YOUR GOAL
Return the data below exactly, stopping after the line with "18K SORTIJA ORO".

(Data extracted from a collection)

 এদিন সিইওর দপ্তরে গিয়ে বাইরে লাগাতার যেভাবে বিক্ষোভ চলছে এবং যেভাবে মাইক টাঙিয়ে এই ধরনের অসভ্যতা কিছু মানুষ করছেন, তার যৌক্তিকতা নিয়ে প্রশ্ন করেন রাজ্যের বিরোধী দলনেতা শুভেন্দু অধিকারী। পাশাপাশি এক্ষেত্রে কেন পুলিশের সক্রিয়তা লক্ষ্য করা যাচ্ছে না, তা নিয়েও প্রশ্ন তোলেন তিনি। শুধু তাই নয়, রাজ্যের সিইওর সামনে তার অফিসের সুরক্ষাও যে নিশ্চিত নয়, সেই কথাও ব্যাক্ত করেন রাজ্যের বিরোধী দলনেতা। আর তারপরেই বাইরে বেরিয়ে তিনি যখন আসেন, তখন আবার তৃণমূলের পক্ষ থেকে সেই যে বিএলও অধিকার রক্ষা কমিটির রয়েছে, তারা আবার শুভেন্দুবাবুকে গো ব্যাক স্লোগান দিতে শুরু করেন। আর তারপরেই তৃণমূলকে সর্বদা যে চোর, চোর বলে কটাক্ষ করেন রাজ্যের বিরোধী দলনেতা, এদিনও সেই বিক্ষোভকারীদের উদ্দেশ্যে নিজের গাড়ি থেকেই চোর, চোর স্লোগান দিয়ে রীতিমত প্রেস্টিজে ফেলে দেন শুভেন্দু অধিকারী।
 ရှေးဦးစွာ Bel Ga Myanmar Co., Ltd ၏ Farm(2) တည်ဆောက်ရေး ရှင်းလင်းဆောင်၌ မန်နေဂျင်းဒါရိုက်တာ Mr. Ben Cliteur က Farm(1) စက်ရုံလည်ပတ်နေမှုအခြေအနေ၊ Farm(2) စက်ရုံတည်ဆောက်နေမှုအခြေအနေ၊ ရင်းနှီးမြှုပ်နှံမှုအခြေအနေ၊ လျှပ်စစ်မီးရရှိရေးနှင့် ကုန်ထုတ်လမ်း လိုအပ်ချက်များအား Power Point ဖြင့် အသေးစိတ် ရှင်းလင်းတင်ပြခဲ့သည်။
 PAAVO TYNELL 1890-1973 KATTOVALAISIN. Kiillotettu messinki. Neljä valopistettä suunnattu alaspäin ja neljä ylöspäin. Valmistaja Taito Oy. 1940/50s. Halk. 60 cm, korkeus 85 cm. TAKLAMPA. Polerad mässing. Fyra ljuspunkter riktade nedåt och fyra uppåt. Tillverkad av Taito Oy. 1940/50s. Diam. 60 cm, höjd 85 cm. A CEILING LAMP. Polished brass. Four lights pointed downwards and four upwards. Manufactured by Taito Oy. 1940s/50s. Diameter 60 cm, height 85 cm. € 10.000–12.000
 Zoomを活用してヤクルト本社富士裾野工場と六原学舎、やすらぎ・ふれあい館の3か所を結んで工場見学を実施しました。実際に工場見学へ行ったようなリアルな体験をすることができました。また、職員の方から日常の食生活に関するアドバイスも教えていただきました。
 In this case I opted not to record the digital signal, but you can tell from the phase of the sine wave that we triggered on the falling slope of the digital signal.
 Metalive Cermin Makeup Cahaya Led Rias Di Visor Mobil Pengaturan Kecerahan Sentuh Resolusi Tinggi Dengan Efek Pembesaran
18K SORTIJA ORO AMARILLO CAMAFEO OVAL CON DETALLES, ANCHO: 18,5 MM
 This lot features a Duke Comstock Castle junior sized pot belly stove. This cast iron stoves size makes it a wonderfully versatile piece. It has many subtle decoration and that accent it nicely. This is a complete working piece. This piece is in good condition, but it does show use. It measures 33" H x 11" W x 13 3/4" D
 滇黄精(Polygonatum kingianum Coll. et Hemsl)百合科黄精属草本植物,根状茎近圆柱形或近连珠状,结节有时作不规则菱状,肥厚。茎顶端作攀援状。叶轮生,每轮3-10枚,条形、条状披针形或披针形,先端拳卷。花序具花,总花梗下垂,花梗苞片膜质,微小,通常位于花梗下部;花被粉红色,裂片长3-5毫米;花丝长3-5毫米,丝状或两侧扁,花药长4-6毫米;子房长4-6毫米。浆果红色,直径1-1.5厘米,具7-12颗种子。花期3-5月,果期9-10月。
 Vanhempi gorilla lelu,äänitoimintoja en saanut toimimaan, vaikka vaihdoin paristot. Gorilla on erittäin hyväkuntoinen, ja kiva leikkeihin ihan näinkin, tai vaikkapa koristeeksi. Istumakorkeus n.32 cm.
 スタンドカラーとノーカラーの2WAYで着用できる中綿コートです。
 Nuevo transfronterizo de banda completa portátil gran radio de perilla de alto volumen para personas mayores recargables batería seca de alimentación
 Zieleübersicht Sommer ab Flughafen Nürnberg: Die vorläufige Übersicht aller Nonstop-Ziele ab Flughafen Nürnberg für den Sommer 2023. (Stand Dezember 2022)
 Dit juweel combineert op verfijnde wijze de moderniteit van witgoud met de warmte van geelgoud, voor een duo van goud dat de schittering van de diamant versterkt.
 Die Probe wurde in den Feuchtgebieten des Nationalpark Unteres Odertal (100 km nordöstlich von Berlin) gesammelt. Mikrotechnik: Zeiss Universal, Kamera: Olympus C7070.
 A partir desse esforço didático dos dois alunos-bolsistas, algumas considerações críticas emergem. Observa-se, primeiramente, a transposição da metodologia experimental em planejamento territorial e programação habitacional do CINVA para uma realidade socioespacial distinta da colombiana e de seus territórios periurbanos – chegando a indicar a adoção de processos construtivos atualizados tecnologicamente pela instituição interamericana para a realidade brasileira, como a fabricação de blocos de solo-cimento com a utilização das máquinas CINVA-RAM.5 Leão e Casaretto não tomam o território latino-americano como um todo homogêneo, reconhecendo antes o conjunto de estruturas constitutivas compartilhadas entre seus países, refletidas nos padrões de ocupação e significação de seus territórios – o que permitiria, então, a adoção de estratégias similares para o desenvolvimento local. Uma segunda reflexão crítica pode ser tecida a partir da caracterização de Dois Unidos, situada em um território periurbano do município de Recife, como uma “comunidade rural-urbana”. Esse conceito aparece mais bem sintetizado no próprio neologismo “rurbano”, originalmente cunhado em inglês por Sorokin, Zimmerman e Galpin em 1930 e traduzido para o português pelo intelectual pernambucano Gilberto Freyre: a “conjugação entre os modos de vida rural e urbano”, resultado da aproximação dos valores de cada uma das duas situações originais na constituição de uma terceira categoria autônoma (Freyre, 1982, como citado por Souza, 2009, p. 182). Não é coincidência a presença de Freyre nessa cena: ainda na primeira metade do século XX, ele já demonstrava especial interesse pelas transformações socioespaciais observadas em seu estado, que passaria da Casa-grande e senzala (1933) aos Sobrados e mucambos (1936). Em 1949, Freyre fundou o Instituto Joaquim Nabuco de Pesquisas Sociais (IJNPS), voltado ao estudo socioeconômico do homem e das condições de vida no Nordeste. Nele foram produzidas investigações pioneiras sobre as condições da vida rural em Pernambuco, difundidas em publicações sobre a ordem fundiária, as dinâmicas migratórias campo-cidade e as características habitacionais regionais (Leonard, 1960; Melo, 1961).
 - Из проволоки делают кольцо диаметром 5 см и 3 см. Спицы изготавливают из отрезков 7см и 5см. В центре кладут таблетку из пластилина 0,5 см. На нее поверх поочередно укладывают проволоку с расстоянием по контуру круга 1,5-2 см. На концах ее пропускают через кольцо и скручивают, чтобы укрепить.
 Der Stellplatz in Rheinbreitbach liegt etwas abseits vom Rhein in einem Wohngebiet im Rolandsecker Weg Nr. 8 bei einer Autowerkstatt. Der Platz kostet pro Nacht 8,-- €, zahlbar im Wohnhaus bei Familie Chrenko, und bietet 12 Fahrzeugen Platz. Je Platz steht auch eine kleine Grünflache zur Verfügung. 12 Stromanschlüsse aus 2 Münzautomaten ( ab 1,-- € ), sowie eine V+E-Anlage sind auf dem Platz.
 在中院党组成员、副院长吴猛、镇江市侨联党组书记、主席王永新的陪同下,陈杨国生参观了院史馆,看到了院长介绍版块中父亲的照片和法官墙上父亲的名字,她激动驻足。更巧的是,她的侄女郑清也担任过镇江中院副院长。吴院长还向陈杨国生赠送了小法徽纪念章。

EXERCISE RESULT
 এদিন সিইওর দপ্তরে গিয়ে বাইরে লাগাতার যেভাবে বিক্ষোভ চলছে এবং যেভাবে মাইক টাঙিয়ে এই ধরনের অসভ্যতা কিছু মানুষ করছেন, তার যৌক্তিকতা নিয়ে প্রশ্ন করেন রাজ্যের বিরোধী দলনেতা শুভেন্দু অধিকারী। পাশাপাশি এক্ষেত্রে কেন পুলিশের সক্রিয়তা লক্ষ্য করা যাচ্ছে না, তা নিয়েও প্রশ্ন তোলেন তিনি। শুধু তাই নয়, রাজ্যের সিইওর সামনে তার অফিসের সুরক্ষাও যে নিশ্চিত নয়, সেই কথাও ব্যাক্ত করেন রাজ্যের বিরোধী দলনেতা। আর তারপরেই বাইরে বেরিয়ে তিনি যখন আসেন, তখন আবার তৃণমূলের পক্ষ থেকে সেই যে বিএলও অধিকার রক্ষা কমিটির রয়েছে, তারা আবার শুভেন্দুবাবুকে গো ব্যাক স্লোগান দিতে শুরু করেন। আর তারপরেই তৃণমূলকে সর্বদা যে চোর, চোর বলে কটাক্ষ করেন রাজ্যের বিরোধী দলনেতা, এদিনও সেই বিক্ষোভকারীদের উদ্দেশ্যে নিজের গাড়ি থেকেই চোর, চোর স্লোগান দিয়ে রীতিমত প্রেস্টিজে ফেলে দেন শুভেন্দু অধিকারী।
 ရှေးဦးစွာ Bel Ga Myanmar Co., Ltd ၏ Farm(2) တည်ဆောက်ရေး ရှင်းလင်းဆောင်၌ မန်နေဂျင်းဒါရိုက်တာ Mr. Ben Cliteur က Farm(1) စက်ရုံလည်ပတ်နေမှုအခြေအနေ၊ Farm(2) စက်ရုံတည်ဆောက်နေမှုအခြေအနေ၊ ရင်းနှီးမြှုပ်နှံမှုအခြေအနေ၊ လျှပ်စစ်မီးရရှိရေးနှင့် ကုန်ထုတ်လမ်း လိုအပ်ချက်များအား Power Point ဖြင့် အသေးစိတ် ရှင်းလင်းတင်ပြခဲ့သည်။
 PAAVO TYNELL 1890-1973 KATTOVALAISIN. Kiillotettu messinki. Neljä valopistettä suunnattu alaspäin ja neljä ylöspäin. Valmistaja Taito Oy. 1940/50s. Halk. 60 cm, korkeus 85 cm. TAKLAMPA. Polerad mässing. Fyra ljuspunkter riktade nedåt och fyra uppåt. Tillverkad av Taito Oy. 1940/50s. Diam. 60 cm, höjd 85 cm. A CEILING LAMP. Polished brass. Four lights pointed downwards and four upwards. Manufactured by Taito Oy. 1940s/50s. Diameter 60 cm, height 85 cm. € 10.000–12.000
 Zoomを活用してヤクルト本社富士裾野工場と六原学舎、やすらぎ・ふれあい館の3か所を結んで工場見学を実施しました。実際に工場見学へ行ったようなリアルな体験をすることができました。また、職員の方から日常の食生活に関するアドバイスも教えていただきました。
 In this case I opted not to record the digital signal, but you can tell from the phase of the sine wave that we triggered on the falling slope of the digital signal.
 Metalive Cermin Makeup Cahaya Led Rias Di Visor Mobil Pengaturan Kecerahan Sentuh Resolusi Tinggi Dengan Efek Pembesaran
18K SORTIJA ORO AMARILLO CAMAFEO OVAL CON DETALLES, ANCHO: 18,5 MM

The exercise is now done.